▶ [What is being asked]: All of the data is to be written out again exactly, without the pictures.

▶ [Given information]:
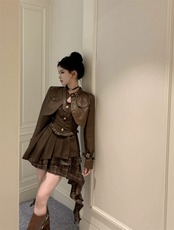 色:コーヒージャケット,コーヒーサスペンダースカート
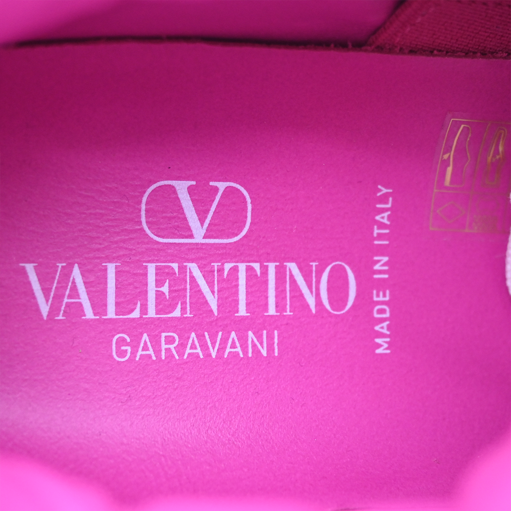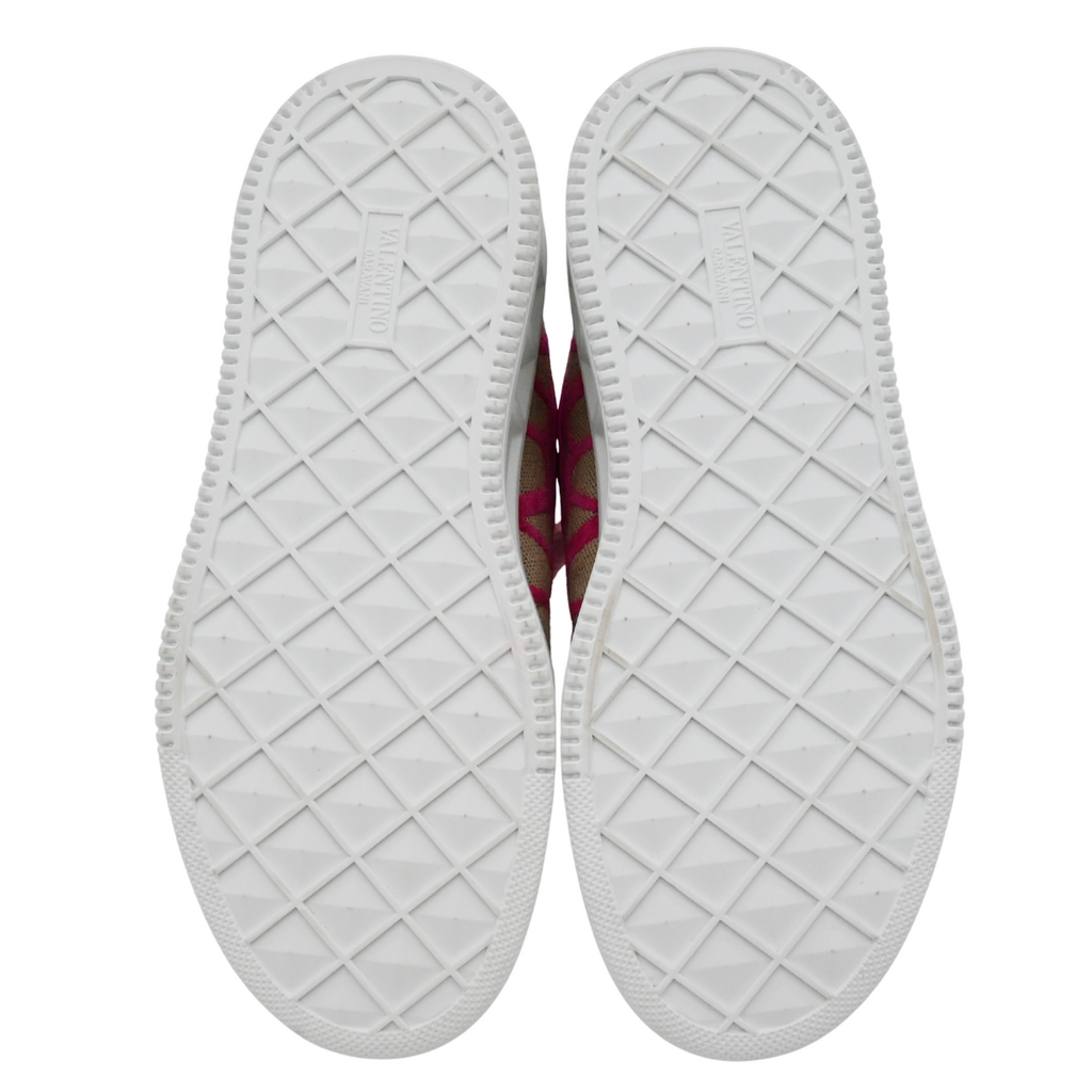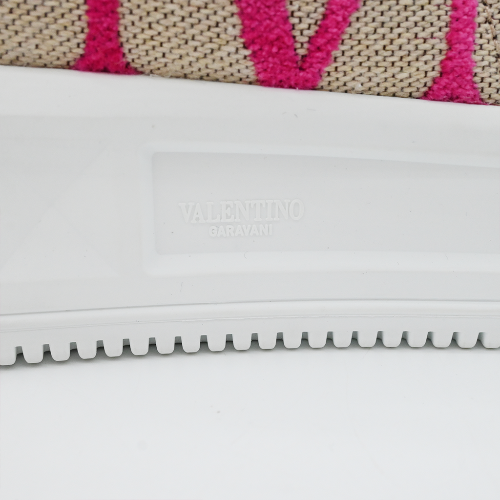 Magenta V logo velvet monogram on the beige upper canvas
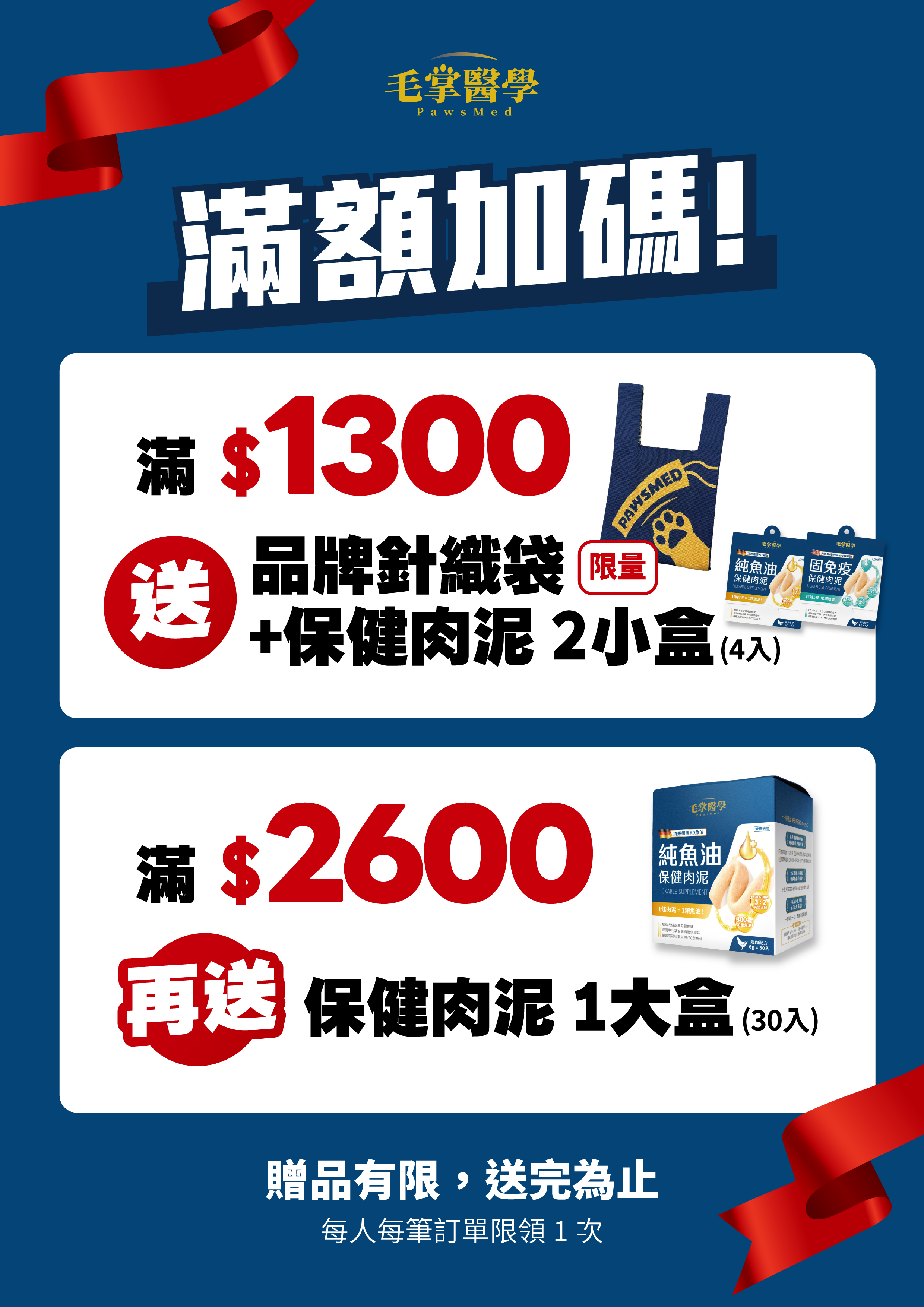 - 滿$2600 再送大盒30入保健肉泥1盒

▶ [Exercise output]:
 色:コーヒージャケット,コーヒーサスペンダースカート
 Magenta V logo velvet monogram on the beige upper canvas
 - 滿$2600 再送大盒30入保健肉泥1盒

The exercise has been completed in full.